Essas partículas irritantes também podem liberar no sangue uma enorme quantidade de moléculas inflamatórias, chamadas citocinas. "Isso também interfere com a resposta à insulina e ainda embaralha os hormônios e o processamento do apetite pelo cérebro", explica Michael Jerrett, especialista em ciências da saúde ambiental da Universidade da Califórnia em Berkeley.
Tudo isso atrapalha o equilíbrio de energia do organismo, levando a uma série de distúrbios do metabolismo, como a diabetes e a obesidade, e a problemas cardiovasculares como a hipertensão.
Efeitos em crianças
Estudos realizados em várias cidades do mundo sugerem que os seres humanos podem estar sofrendo as mesmas consequências que os ratos de laboratório.
O próprio Chen examinou registros médicos de 62 mil pessoas que vivem no Estado canadense de Ontário durante 14 anos. Ele descobriu que o risco de diabetes aumenta em cerca de 11% para cada 10 microgramas de partículas em um metro cúbico de ar – um número perturbador se consideramos que a poluição em algumas metrópoles da Ásia pode passar de 500 microgramas por metro cúbico de ar.
Outra pesquisa, realizada na Suíça, indicou os mesmos sinais de resistência à insulina, hipertensão e ganho de peso em uma amostra de 4 mil pessoas vivendo em um ambiente densamente poluído.
Os cientistas se preocupam particularmente sobre os efeitos em crianças, e alguns chegam a considerar a hipótese de que os poluentes aos quais uma gestante é exposta podem alterar o metabolismo dos bebês de maneira a torná-los mais propensos à obesidade.
Jerrett descobriu que os riscos podem vir de dentro de casa também, com pais fumantes.
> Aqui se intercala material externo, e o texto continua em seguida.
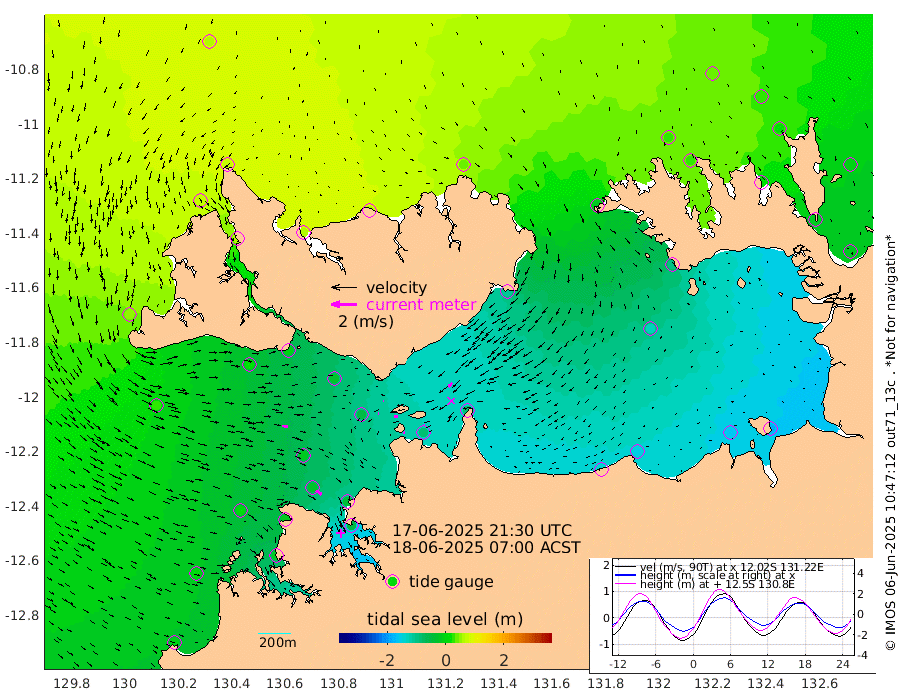 16cm/s -104T +4cm/s rms + 6cm/s 51T. Darwin_C1 52m 3cm/s -101T +4cm/s rms + 7cm/s -161T. Darwin_CW1 22m 4cm/s -104T +4cm/s rms + 8cm/s 61T. Darwin_CW2 34m 41cm/s -141T +3cm/s rms + 9cm/s 98T. Darwin_CW3 22m 28cm/s -89T +5cm/s rms + 7cm/s 88T. Darwin_C3 56m 3cm/s -114T +2cm/s rms + 9cm/s -126T. Darwin_CTbW 22m 46cm/s 96T +1cm/s rms + 1cm/s -47T. DARBGF 30m 52cm/s 127T +4cm/s rms + 3cm/s 80T. NRSDAR 19m 65cm Goodrich Bank -2cm Point Jenny 1cm Native Point 1cm Fish Reef -16cm Tapa Bay 53cm Point Fawcett (Offshore) -22cm Burge Point 12cm Munkunuwa 25cm Beagle A -29cm Parsons Bank -16cm Fenton Patches -49cm Hancox Shoal Area -39cm Nightcliff -47cm Darwin -27cm Charles Point Patches -79cm Glyde Point -142cm Chambers Bay -148cm Point Stuart -88cm Cape Hotham -125cm Christine Reef -166cm West Alligator Head -191cm East Field Island -99cm Two Hills Bay -102cm Camp Point -6cm Medina Inlet South 62cm South Barlow Point 69cm St. Asaph Bay 68cm Cape Van Dieman 67cm Snake Bay 58cm Cache Point 39cm Point Jahleel (Off) -13cm Cape Don 25cm Port Essington 29cm Smith Point - West 23cm NW Peacock Island 38cm North Of Jones Shoal 11cm Peacock Island -14cm Point David 22cm D'urville Point -20cm Copeland Island -8cm One Tree Point

Em um estudo, ele descobriu que o fumo passivo levou a um aumento de peso mais rápido em crianças e adolescentes da Califórnia.
Risco a longo prazo
Apesar dessas revelações perturbadoras, precisamos ter cuidado ao interpretá-las. "Esses estudos apontam para uma relação entre a exposição aos poluentes e os sintomas apresentados, mas ainda não provam que uma coisa causa a outra", reitera Abby Fleisch, pesquisadora da Escola de Medicina de Harvard.
Felizmente, algumas equipes de cientistas já estão trabalhando para encontrar as peças que faltam nesse quebra-cabeças.
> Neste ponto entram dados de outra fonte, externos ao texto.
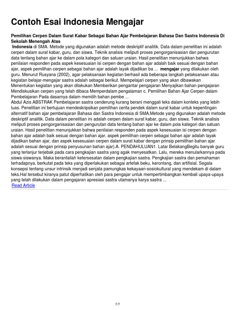 Kumpulan Essay Indonesia Mengajar - l Carta De

Robert Brook, da Universidade de Michigan, e colegas na China recentemente testaram um pequeno grupo de voluntários em Pequim, durante dois anos. Eles descobriram que quando a cidade é tomada pela famigerada poluição, os sinais de problemas como resistência à insulina e hipertensão chegam a um pico.
E se a relação entre causa e efeito for provada, devemos nos preocupar?
Cientistas acreditam que o risco individual e a curto prazo é relativamente pequeno e não deveria ser usado como única justificativa para a obesidade.
Mas considerando-se a vasta quantidade de pessoas que moram em cidades muito poluídas, o número total de vítimas a longo prazo pode ser enorme. "Todos nós somos afetados pela poluição, em certa medida", afirma Brook. "Trata-se de uma exposição contínua e involuntária de bilhões de pessoas – e por isso o impacto geral é muito maior."
As soluções são familiares, mas difíceis de implementar em larga escala: diminuir a poluição atmosférica com a adoção de veículos elétricos ou híbridos, ou ainda redesenhar as ruas para que pedestres e ciclistas ficassem menos expostos aos carros.
Outra ideia talvez mais fácil de adotar é aumentar o número de purificadores de ar em casas, escolas e escritórios, para filtrar uma parte dessas partículas prejudiciais.